# Can carnivores live on NO meat?



## rawfeederr (Sep 9, 2009)

Okay, so, everyone has heard about the dog that lived 27 years eating a vegetarian diet. 

But if dogs truly are carnivores, wouldn't this be impossible? 

Is it possible for carnivores to live on a diet with NO meat?


I have always thought dogs were carnivores... until I actually thought about this. I still consider them carnivores but I am confused... 

BTW - I wasn't sure where to post this so I just posted it here.


----------



## RawFedDogs (Jun 16, 2008)

rawfeederr said:


> But if dogs truly are carnivores, wouldn't this be impossible?


Pretty much so, yes.



> Is it possible for carnivores to live on a diet with NO meat?


I guess its POSSIBLE they could SURVIVE if they receive a correct mixture of fruits and veggies AND those foods are highly processed. A dog cannot under any circumstances survive on a diet of fresh whole fruits and veggies.

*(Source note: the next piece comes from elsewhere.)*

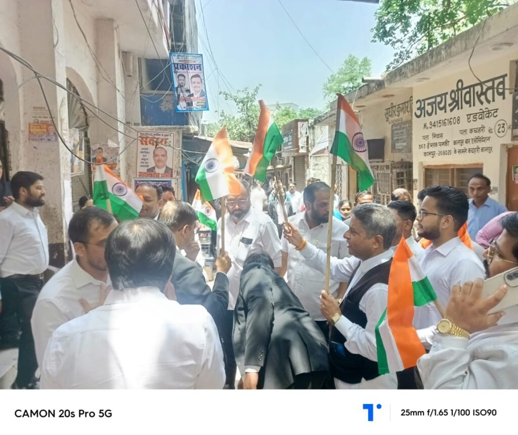 वक्ताओं ने नेशनल मीडिया प्रेस क्लब के प्रदेश अध्यक्ष एडवोकेट पंडित रविन्द्र शर्मा के आवाहन पर भारत स्वाभिमान शौर्य यात्रा निकाली, भारतीय सैनिकों द्वारा ऑपरेशन सिंदूर के तहत जहां एक तरफ पाकिस्तान के आतंकी ठिकानों को जिस शौर्य व पराक्रम से मिट्टी में मिलाया वही दूसरी ओर पाकिस्तान द्वारा ड्रोन व मिसाइलों को नष्ट करके उसे घुटनों में लाकर खड़ा कर दिया। भारतीय सेना के इस अदम्य शौर्य व पराक्रम से पाकिस्तान नतमस्तक होकर जान की भीख मांगता नजर आया । जिससे उत्साहित होकर आज कानपुर में “दि लॉयर्स एसोसिएशन के पूर्व अध्यक्ष एडवोकेट पंडित रविन्द्र शर्मा, प्रदेश अध्यक्ष नेशनल मीडिया प्रेस क्लब की अगुवाई में अधिवक्ताओं ने संगठित होकर हांथ में तिरंगा लेकर बड़े ही जोश व उत्साह के साथ “भारत स्वाभिमान शौर्य यात्रा” निकाली। शौर्य यात्रा जिलाधिकारी कार्यालय में पहुंचकर कानपुर जिलाधिकारी के माध्यम से भारत के प्रधानमंत्री को संबोधित प्रतिवेदन देते हुए पाकिस्तान को नष्ट करने हेतु भारतीय सेना को स्वतंत्र करने की मांग रखी । जिससे आतंक समाप्त किया जा सके ।

> I have always thought dogs were carnivores... until I actually thought about this. I still consider them carnivores but I am confused...


They are carnivores. Eventhough the dog food companies would like you to think different, there is no scientific evidence that they are anything but carnivores. You can't force a carnivore to eat omnivore food and turn him into an omnivore.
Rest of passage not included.